Sister Karla Gonçalves, O.C.S.O. was initially put off by working with sheep, but over time shepherding has both illuminated and affirmed her vocation to contemplative life. Here she gives DW some extra attention with a handful of grain. (Photos courtesy of Mount Saint Mary’s Abbey)


In a small town in a quiet corner of Massachusetts is a lovely piece of heaven on Earth, a farm on some 500 acres of land that make up Mount Saint Mary’s Abbey. The abbey is home to 40 nuns as well as a small flock of sheep and several chickens.

We Trappistine nuns, also known as the Cistercians of the Strict Observance, have lived, worked, and most important, prayed here for 75 years. Every Trappist monastery strives to have an industry to financially support the life of the community.

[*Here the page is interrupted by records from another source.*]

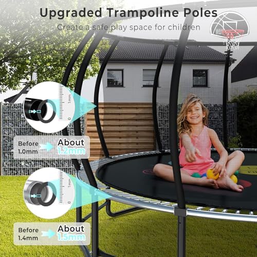 【Uncompromised Safety】 Our trampoline features innovatively designed curved poles for comprehensive protection. Along with a 360° all-encompassing safety net, it guarantees unparalleled safety for your children, ensuring a worry-free jumping experience
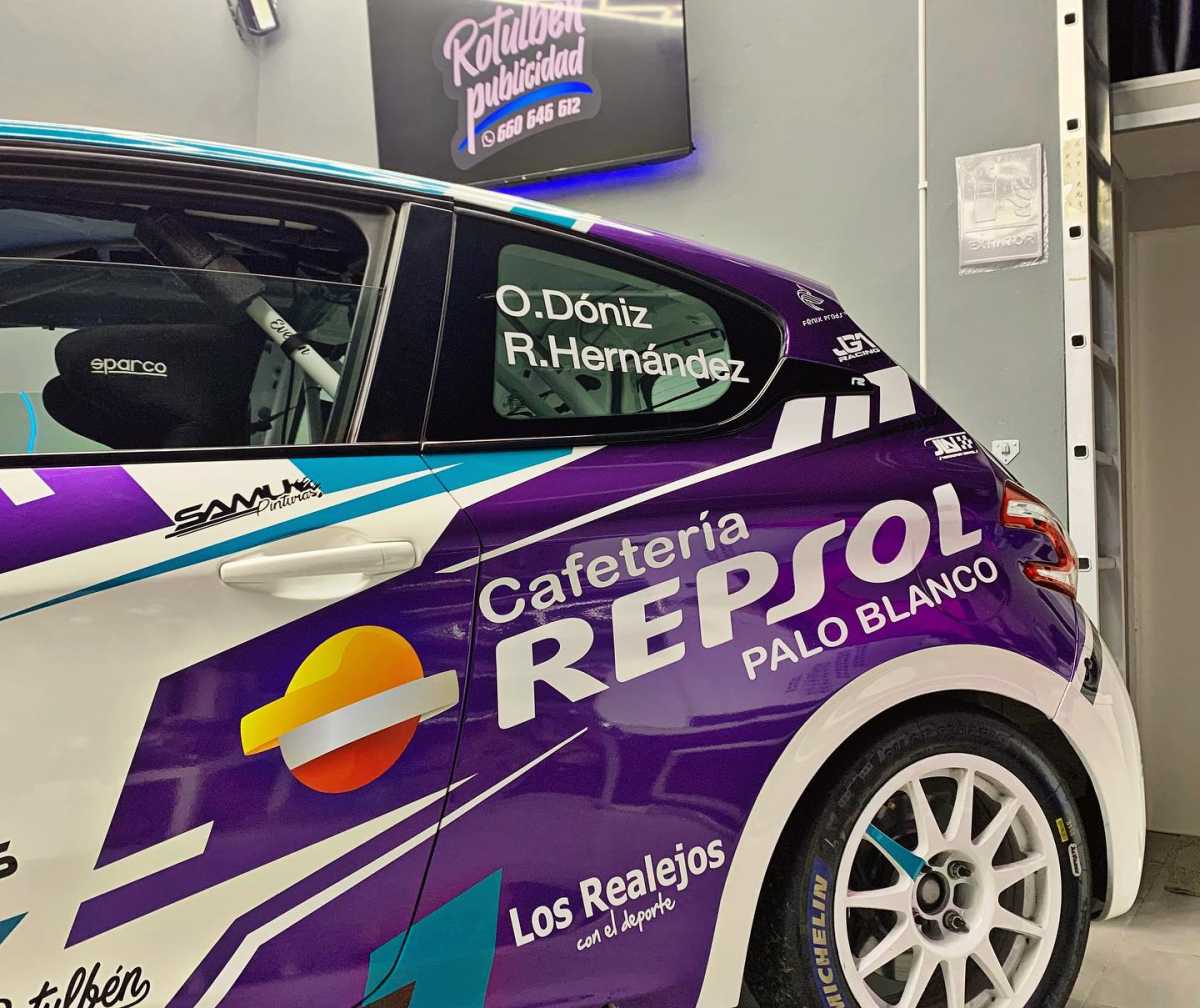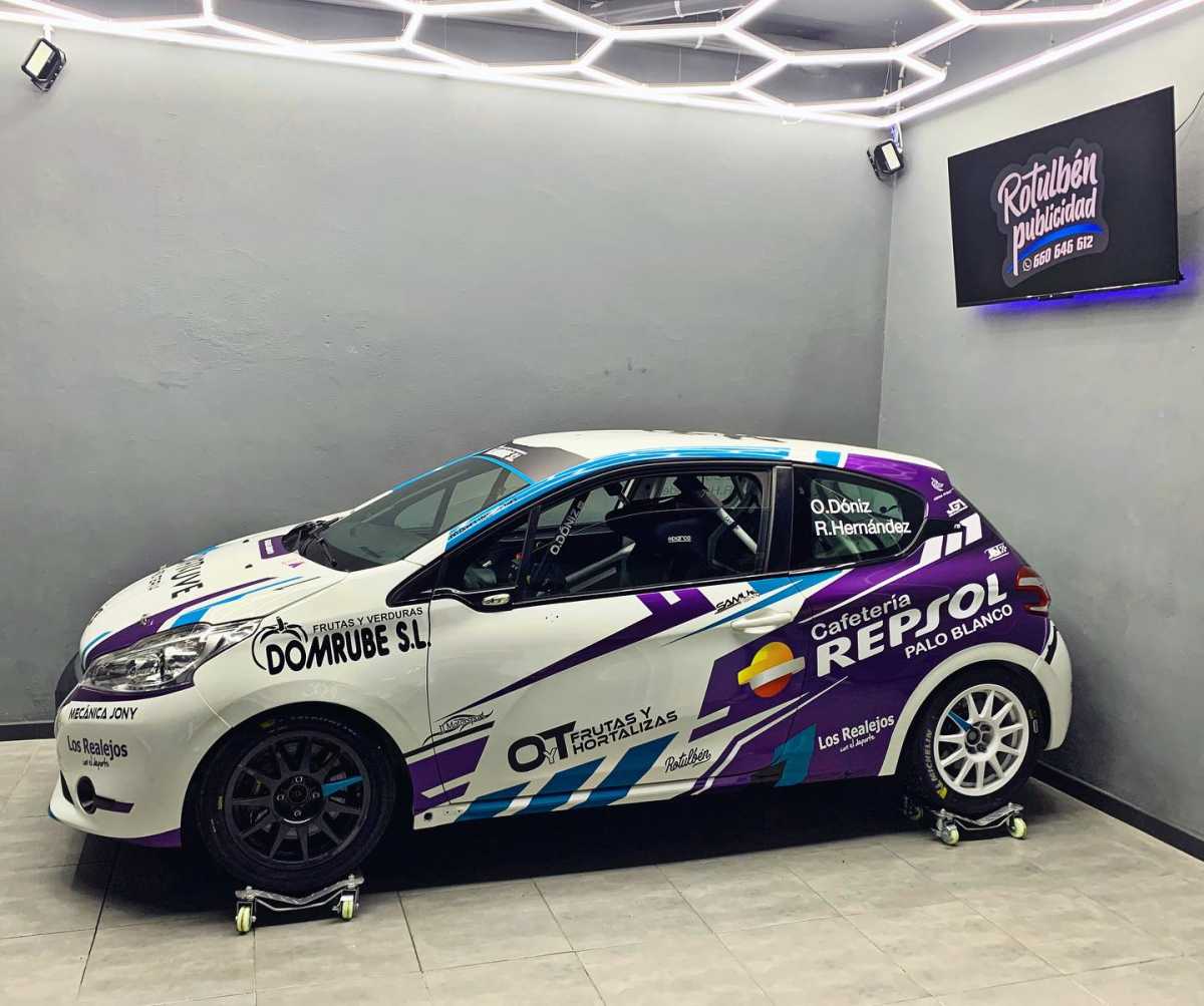 La agencia de publicidad tinerfeña Rotulben, dedicada a la publicidad de empresas, se encargó de la rotulación del Peugeot 208 R2 de Óscar Deniz y del BMW M3 de Rayco Tejera.
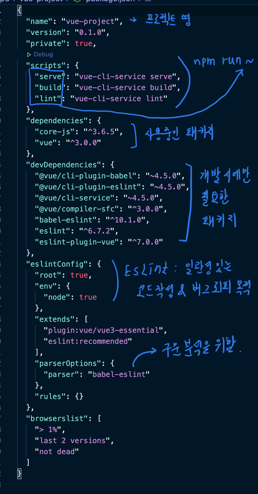 아래는 package.json 관련 파일에 대한 내용입니다.
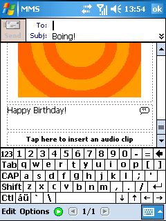 Bij het opmaken van een SMS-bericht is tevens te zien hoeveel karakters nog ingevoerd kunnen worden (standaard zijn dit er 160 bij SMS). Een vergelijkbare optie is ingebouwd in de MMS functie. Als hier de grens van 100 KB overschreden wordt, wordt dit netjes gemeld en gevraagd of het wat minder kan. Bij het opmaken van een MMS-bericht kan ook nog gekozen worden om het bericht op een later tijdstip te laten versturen. Er is hier ook een optie om direct naar de camera over te schakelen om zo een foto of video te schieten en dan direct te versturen.
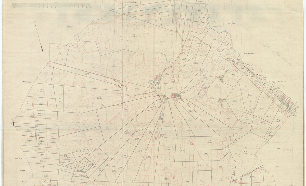 Kort over Rytterdistriktet og matrikelkort, der viser stjerneudskiftningen af Sdr. Vissing
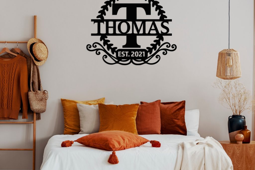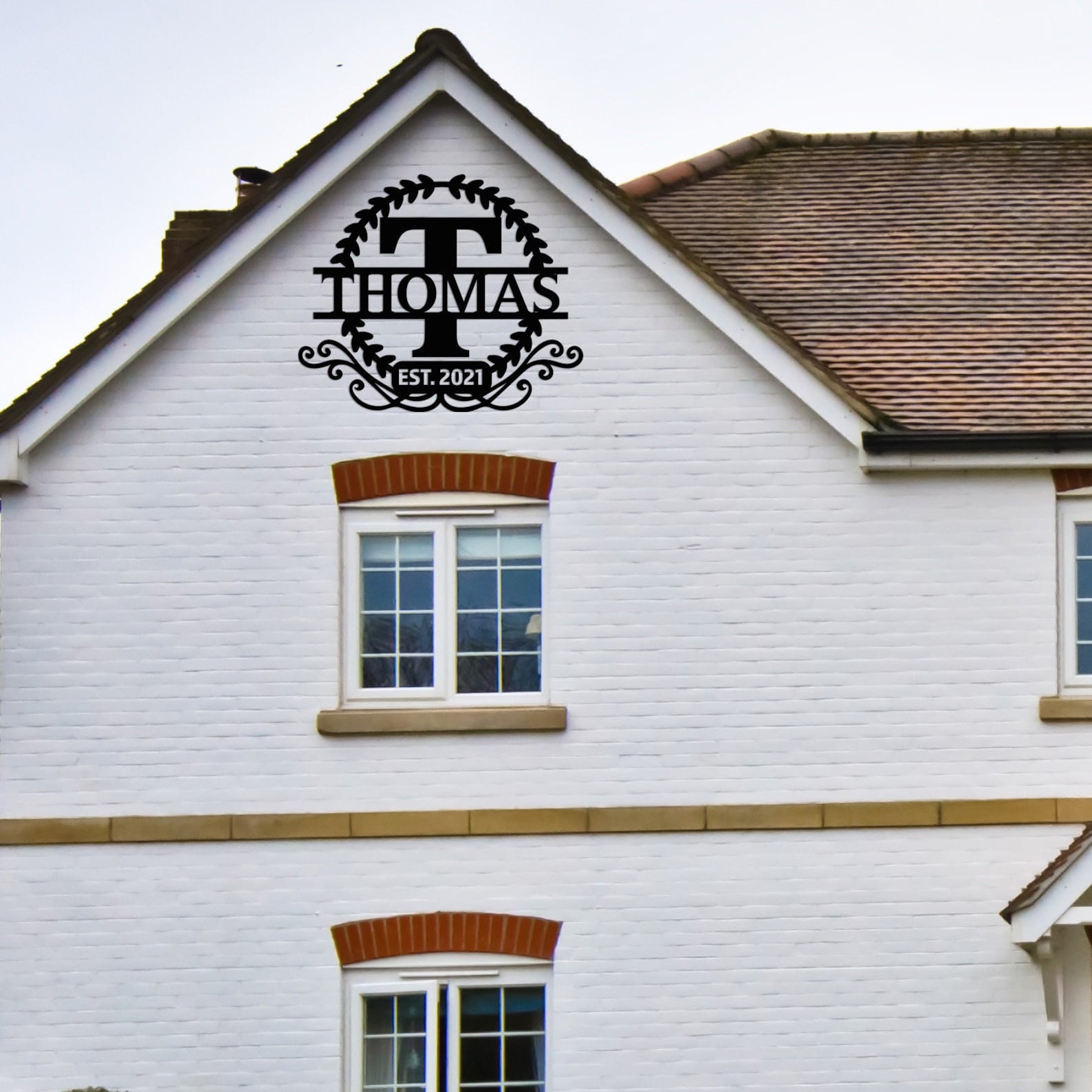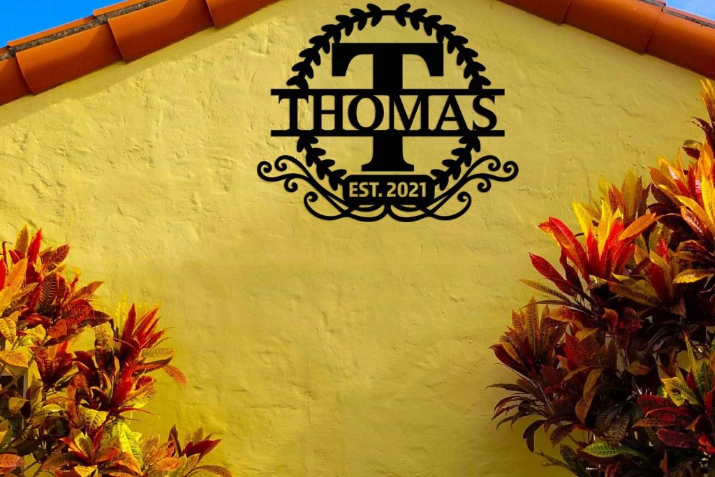 It9;s a great way to show off your family name in an elegant way! You can customize it with any family name, business name, house number, full address or any text. This sign is made from metal and coated with high-quality electrostatic powder coating. So it will last for many years without rusting or fading in the sun. It9;s also easy to hanging to wall.
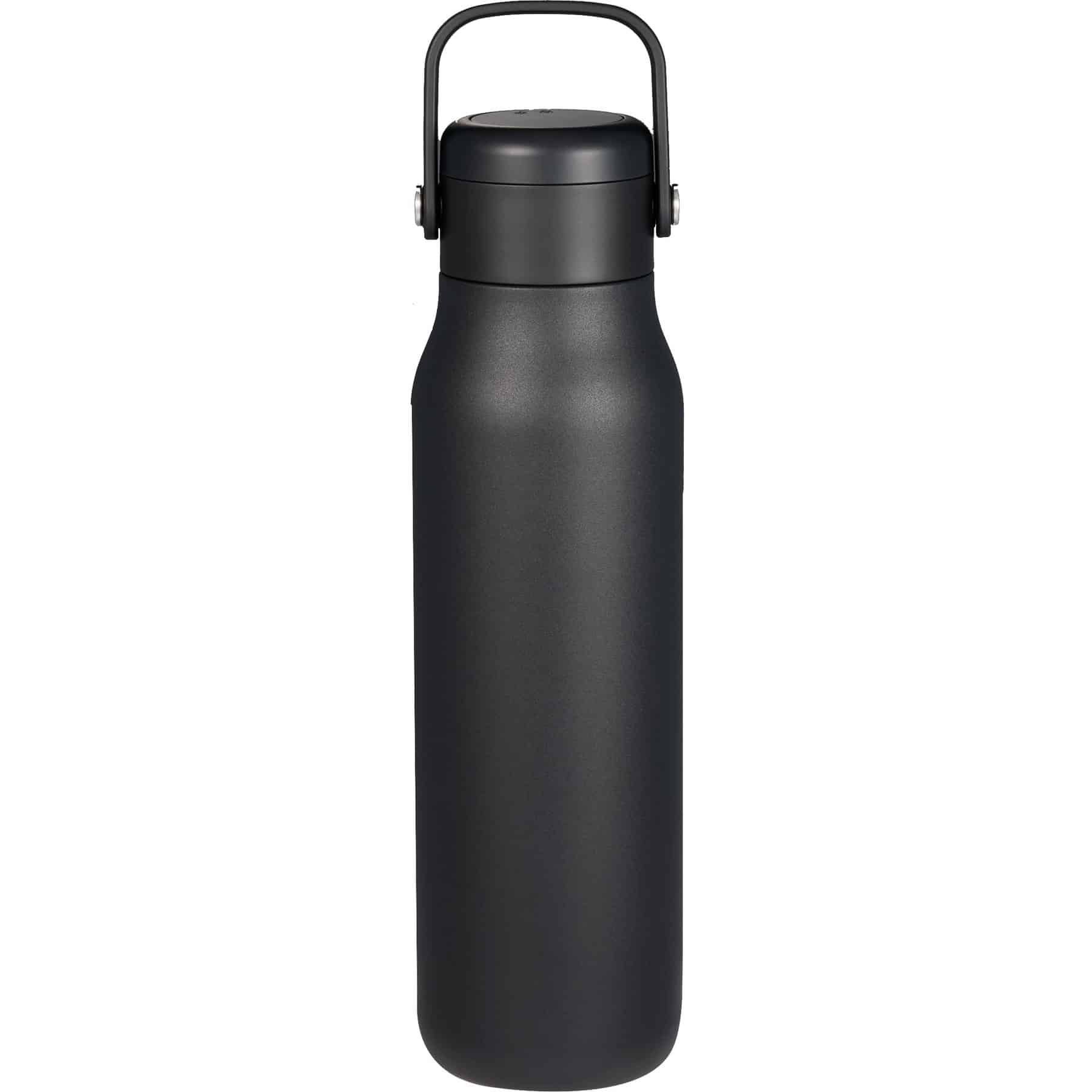 The Explorer 25oz Bottle features an one-touch suction push-button lid that allows you quickly remove the lid without unscrewing by pressing the top button. The lid is also leakproof with a lock feature, simply place the lid on the bottle, press top button to secure, and twist the lid to lock it. Constructed from 91% post-consumer recycled 18/8 stainless steel and additional recycled plastic components, this bottle delivers style and performance with an eco-conscious focus. The durable double-wall vacuum insulation with copper lining keeps beverages cold for up to 48 hours or hot for 12 hours and prevents condensation on the exterior. The wide opening allows for easy filling and pouring, perfect for adding ice cubes, and it fits most standard car cup holders. 25oz capacity. 3.07″ D x 3.07″ W x 10.83″ H
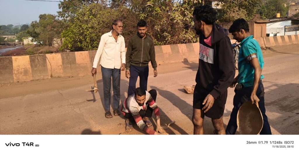 रहुल शर्मा, लक्ष्मण साहु, नंकु साहु, विपलव परमेश्वर निषाद, अजय सारथी, अमरदास देवा, नंद सजु यादव, मोहर्रम हुसेन, निखिल हुमन निषाद, रवि यारदा ने अथक प्रयास कर गड्ढे की मरम्मत कर गड्ढे को पाटा गया। इनके प्रयास से अब इस मार्ग पर यातायात सुरक्षित हो गया है।
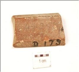 | Description / विवरण | Fragment of a rectangular shaped unidentified flat object made of jasper, vertical notches on the mid rib. |

When our monastery was founded in 1949, our industry was a dairy farm with more than 50 cows, milked by hand for many years. As industrialization increased, our dairy farm no longer was profitable, and we now have a candy business, Trappistine Quality Candy.

When the cows left in the early ’90s, a flock of sheep moved in, a gift from a neighboring men’s monastery. The flock helps us to maintain our values of simplicity and care for creation, ingrained in us since we were founded. Precisely because it is not an industry, the farm and animal work allow for a more relaxed attitude toward labor and eventually the self, which most newcomers come to appreciate and incorporate into their call to the contemplative life.

Our shepherdess, Sister Karla Gonçalves, O.C.S.O., spends much of her day tending to our sheep, and I have asked her to share a little about what her work means to her in the light of our contemplative vocation.

—Sister Katie McNamara, O.C.S.O.


The lambs and sisters visit each other in the monastery garden.
The lambs and sisters visit each other in the monastery garden. Interacting with their flock of sheep keeps the community connected to care for creation, an important value for them.


I GREW UP in the city. The closest interaction I had with farm animals was in the refrigerator aisle of the supermarket, grabbing a gallon of milk and a dozen eggs. Clearly I did not join Mount Saint Mary’s Abbey because I was attracted to the farming component of their way of life. Much to the contrary, when I first came, I dreaded the days I was assigned to work at the barn with our flock of sheep: the smell, the dirt, the uselessness of it all! Being with the sheep meant putting on my garment of grumpiness and praying for the time to zoom by.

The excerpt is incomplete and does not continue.